I am trying to find the torsion of the ring $R= \mathbb Z ^{2 \times 2}$ seen as an $R-$ left module. So I want to see for which matrices $B$, there exists $A \neq 0$ such that $AB=0$. So if $B=\begin{pmatrix} a & b \\ c & d \\ \end{pmatrix}$, then I want to find $A=\begin{pmatrix} x & y \\ z & w \\ \end{pmatrix}$ with $$\begin{pmatrix} x & y \\ z & w \\ \end{pmatrix}\begin{pmatrix} a & b \\ c & d \\ \end{pmatrix}=\begin{pmatrix} 0 & 0 \\ 0 & 0 \\ \end{pmatrix}$$
From this condition I get these equations:
$$ax+cy=0$$$$bx+dy=0$$$$az+cw=0$$$$bz+dw=0$$
If $B$ is an invertible matrix in $R$, then it is clear that $B$ is not in the torsion. This led me to think that the torsion may be the set of non invertible matrices, or at least is contained in it. I've tried to find the invertible matrices in this ring but I got stuck.

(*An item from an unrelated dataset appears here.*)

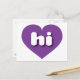 Diese Postkarte weist ein formvolles und lebendiges lila Herz auf, das die fett, weiß, abgerundeten Kleinbuchstaben hi enthält, eine spielerische Abkürzung für Hawaii, den Aloha-Staat. Die Rückseite der Postkarte ist leer und wartet auf Ihre handgeschriebenen Stimmungen oder Ihren personalisierten Text.

Any suggestions would be appreciated.
It's easier to find the right zero divisors, transposition will give the left zero divisors.
If $A=\left[\begin{smallmatrix}a&\smash{b}\\c&d\end{smallmatrix}\right]$ is a left zero divisor, then there is a vector $v=\left[\begin{smallmatrix}x\\y\end{smallmatrix}\right]\ne0$ such that $Av=0$ and conversely, because we can use the matrix having $v$ on both columns.

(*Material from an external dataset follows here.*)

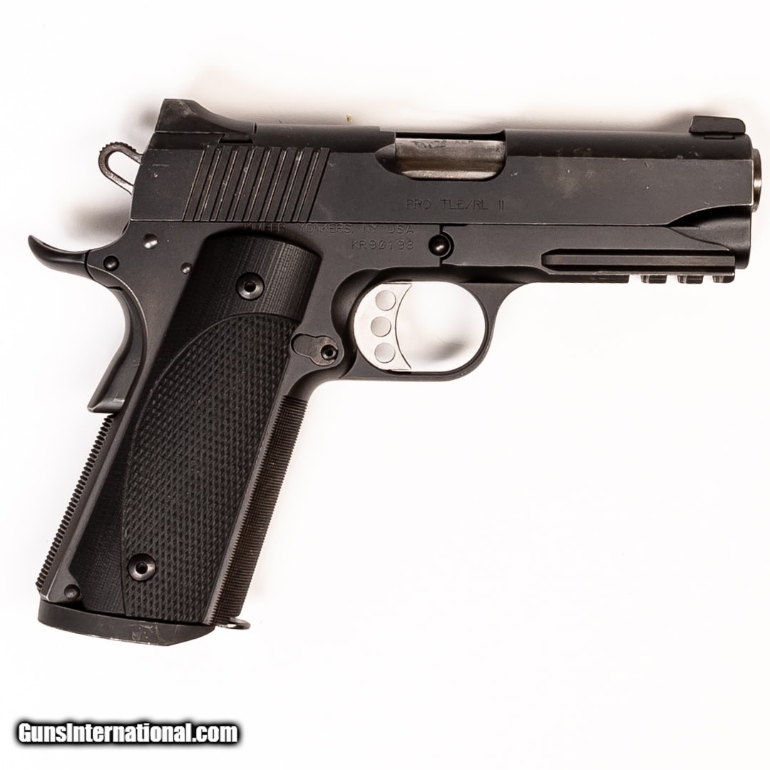 Description: Guns Listing ID: 502908 The Pro TLE/RL II from Kimber is a part of the Tactical Law Enforcement line of handguns, built off the classic 1911 with modern features. It will make for a great duty or self-defense gun. This Pro TLE/RL II has night sights, upgraded mag well, and VZ G10 grips. The original case, manual, and two 7-round magazines are included. SOLD Manufacturer: KIMBER Model: PRO TLE/RL II Caliber Info: .45 ACP Condition: Used - Certified Barrels: 5 BARREL Finish: BLACK |

In particular, the rank of $A$ (as a matrix in $\mathbb{Q}^{2\times2}$) must be $<2$. Conversely, if $A$ has rank $<2$, we can find $v\ne0$ with rational coefficients such that $Av=0$. But upon multiplying $v$ by a common multiple of the denominators of the coefficients, we get a vector with integer coefficients and the same property.
So a matrix is a left zero divisor if and only if its rank is $<2$, that is, its determinant is $0$. Since transposition doesn't change the determinant, we have also characterized the right zero divisors.
Note that this set is properly contained in the set of noninvertible matrices: a matrix can have rank $2$ but be noninvertible in $\mathbb{Z}^{2\times2}$.